Functions themselves are just another type of data. Hence you can write functions that return other functions. Of course you can still have a function that takes an int as parameter and returns something else. Combine the two and consider the following example (in python):
def mult_by(a):
def _mult_by(x):
return x*a
return mult_by
mult_by_3 = mult_by(3)
print mylt_by_3(3)
9
(sorry for using python, but i don't know f#)
There are already lots of answers here, but I'd like to offer another take. Sometimes explaining the same thing in lots of different ways helps you to 'grok' it.
I like to think of functions as "you give me something, and I'll give you something else back"
So a Func<int, string> says "you give me an int, and I'll give you a string".
I also find it easier to think in terms of 'later' : "When you give me an int, I'll give you a string". This is especially important when you see things like myfunc = x => y => x + y ("When you give curried an x, you get back something which when you give it a y will return x + y").
(By the way, I'm assuming you're familiar with C# here)
So we could express your int -> int -> int example as Func<int, Func<int, int>>.
Another way that I look at int -> int -> int is that you peel away each element from the left by providing an argument of the appropriate type. And when you have no more ->'s, you're out of 'laters' and you get a value.
(Just for fun), you can transform a function which takes all it's arguments in one go into one which takes them 'progressively' (the official term for applying them progressively is 'partial application'), this is called 'currying':
static void Main()
{
//define a simple add function
Func<int, int, int> add = (a, b) => a + b;
//curry so we can apply one parameter at a time
var curried = Curry(add);
//'build' an incrementer out of our add function
var inc = curried(1); // (var inc = Curry(add)(1) works here too)

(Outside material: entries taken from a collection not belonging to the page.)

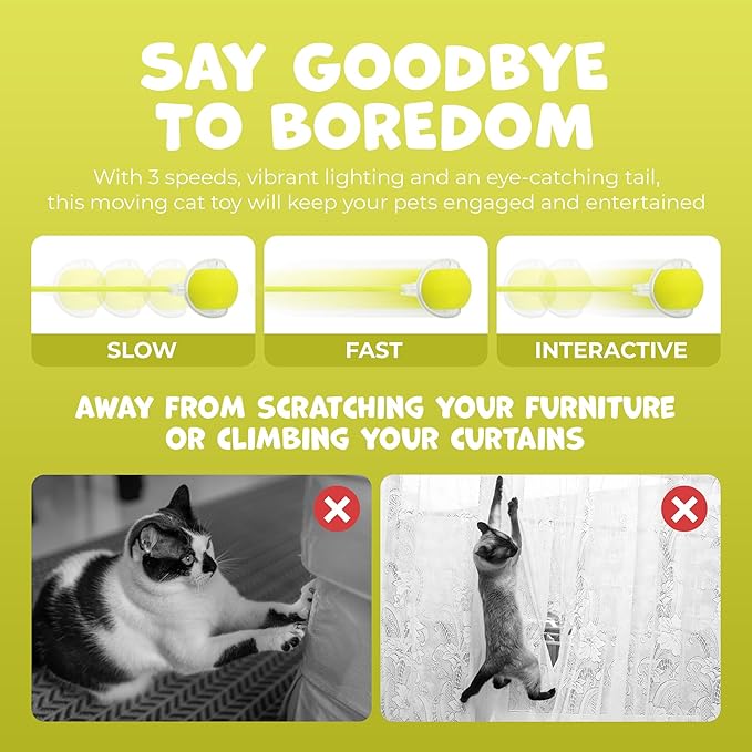- Say Goodbye to Boredom: Interactive Cat Chase Toy With 3 speeds (fast, slow and interactive), vibrant lighting and an eye-catching tail, this cat toys interactive will keep your pets engaged and entertained, away from scratching your furniture or climbing your curtains.
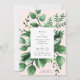 Fresh Greenery Leafy Modern White and Pink Wedding Invitation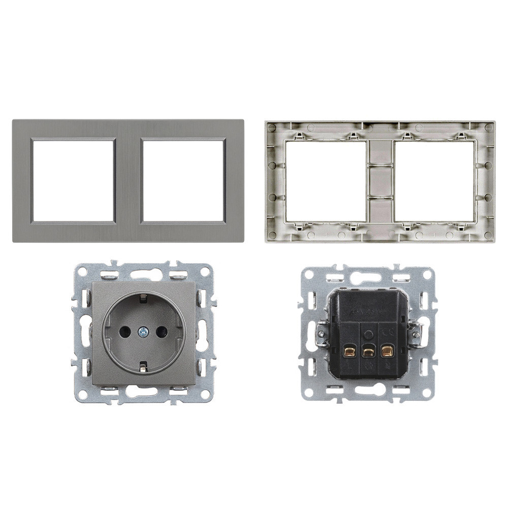 Nova földelt csatlakozóaljzat kettős dugalj 16A 250V fehér kerettel Főbb jellemzők: Típus: 2 db földelt csatlakozóaljzat (dugalj) 2P+F, F típus, közös vízszintes keretben Névleges áramerősség: 16 A Névleges üzemi feszültség: 250 V AC Kialakítás: Két különálló modul egy vízszintes, 2-es keretben Élforma: Lekerekített perem Szín: Fehér Méretek: 150 × 83 mm Szerelés módja: Süllyesztett, szabványos szerelődobozba IP védettség: IP20 (száraz, beltéri környezethez) Kettő az egyben: dupla földelt aljzat egyetlen elegáns megoldásban A Nova kettős földelt csatlakozóaljzat ideális választás, ha egyszerre több elektromos eszközt szeretnél csatlakoztatni egy helyen – legyen szó konyháról, nappaliról vagy irodáról. A két darab, egymás mellett elhelyezett 2P+F (Schuko) aljzat stabil és biztonságos csatlakozást biztosít 16 A áramerősség és 250 V feszültség mellett. Különösen hasznos olyan helyeken, ahol egyszerre több nagyobb fogyasztót (pl. kávéfőző, mikró, laptop, monitor) is használnál. Letisztult kialakítás dupla praktikummal A két külön modulból álló dugalj egyetlen vízszintes, 2-es Nova keretbe van szerelve, így a megjelenés egységes, a beépítés pedig gyors és praktikus. A fehér színű, lekerekített peremű keret jól illeszkedik bármilyen modern enteriőrbe, és diszkréten simul bele a fal síkjába. A süllyesztett kivitel nem csak esztétikus, de helytakarékos is – ideális választás lakossági és munkahelyi használatra. Megbízhatóság és kompatibilitás egy rendszerben A Nova termékcsalád elemeként ez a dupla csatlakozóaljzat teljes mértékben kompatibilis más Nova modulokkal, így a fali elektromos rendszeredet stílusban és funkcióban is egységesen alakíthatod ki. A termék kizárólag száraz, pormentes beltéri környezetben alkalmazható, például hálószobában, nappaliban, irodában vagy folyosón. Szakszerű telepítés – biztonság mindenek felett A termék szabványos szerelődobozba süllyesztve, csavaros rögzítéssel telepíthető. A bekötés során mindig szakképesítéssel rendelkező villanyszerelőt szükséges megbízni, a vonatkozó szabványok és biztonsági előírások betartásával. Válaszd a Nova kettős dugaljat fehér keretben, ha letisztult megjelenésű, biztonságos és funkcionális elektromos megoldásra van szükséged – egyetlen keretben, dupla lehetőséggel.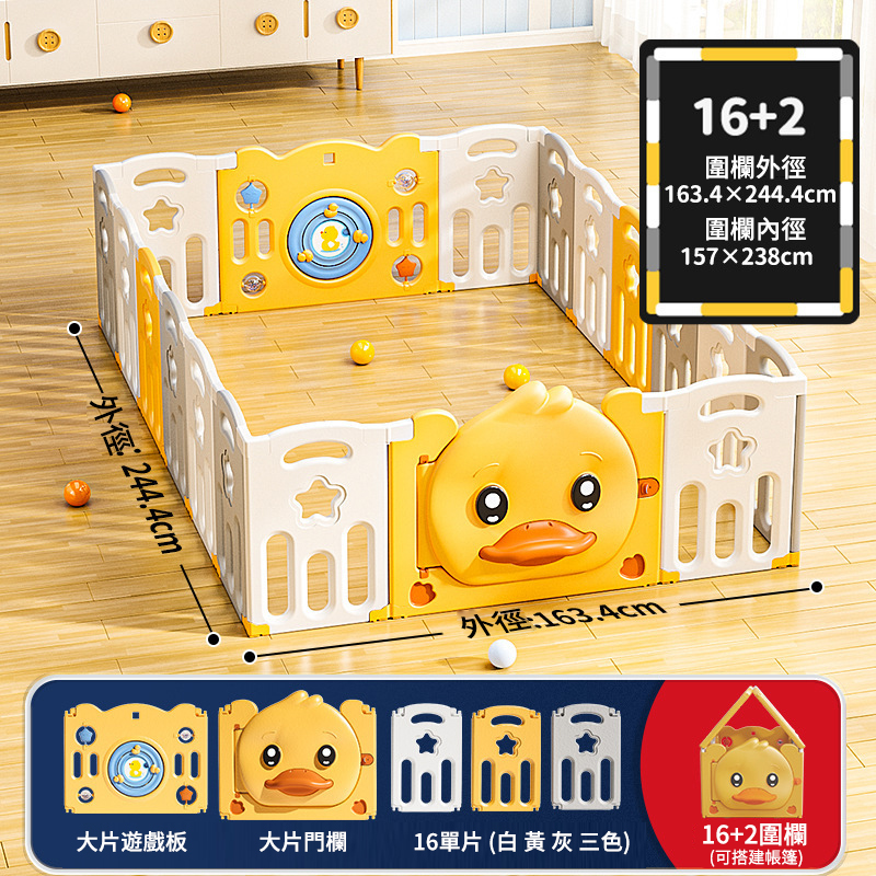 4分鐘前愛他/她!就給他/她滿滿的愛!寶寶學步遊戲圍欄,呵護寶寶安全【週年特賣,買1送4】 - 可折疊小鴨子款【16+2】163*244cm圍欄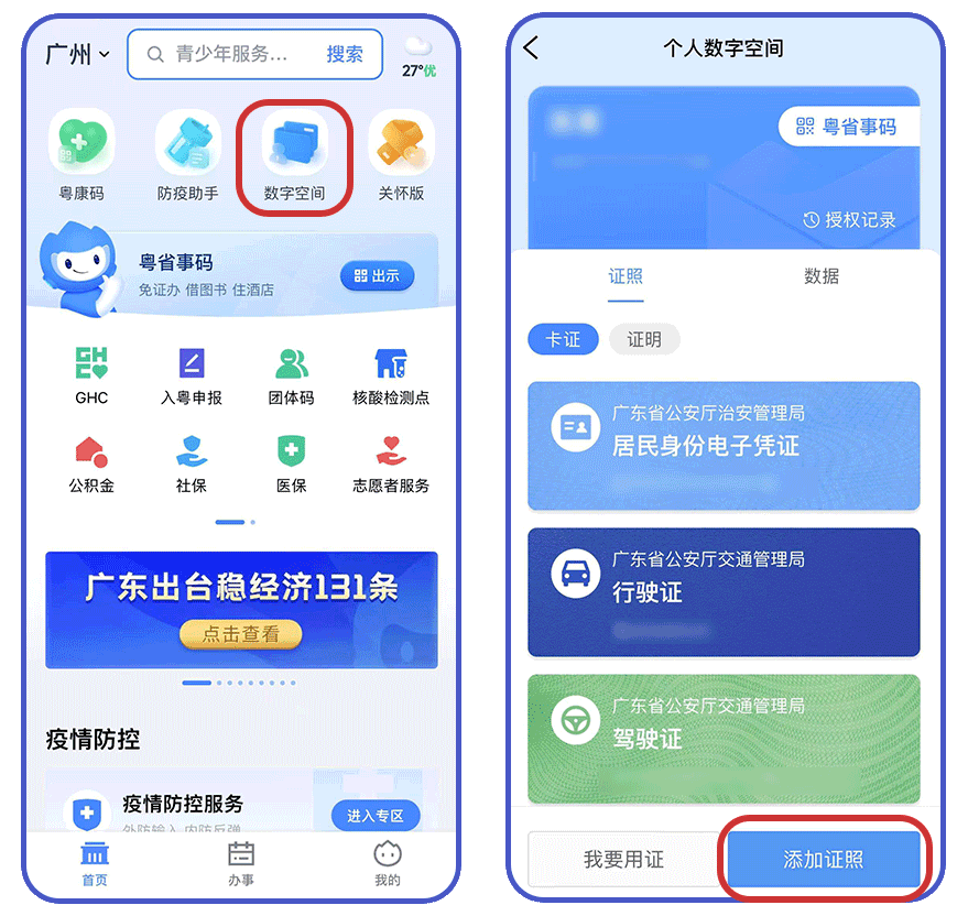 方式一:进入粤省事APP,点击“数字空间”-“添加证照”-“居住证”,根据页面提示完成关联。

Console.WriteLine(inc(5)); // returns 6
Console.ReadKey();
}
static Func<T, Func<T, T>> Curry<T>(Func<T, T, T> f)
{
return a => b => f(a, b);
}
Here is my 2 c. By default F# functions enable partial application or currying. This means when you define this:
let adder a b = a + b;;
You are defining a function that takes and integer and returns a function that takes an integer and returns an integer or int -> int -> int. Currying then allows you partiallly apply a function to create another function:
let twoadder = adder 2;;
//val it: int -> int
The above code predifined a to 2, so that whenever you call twoadder 3 it will simply add two to the argument.
The syntax where the function parameters are separated by space is equivalent to this lambda syntax:
let adder = fun a -> fun b -> a + b;;
Which is a more readable way to figure out that the two functions are actually chained.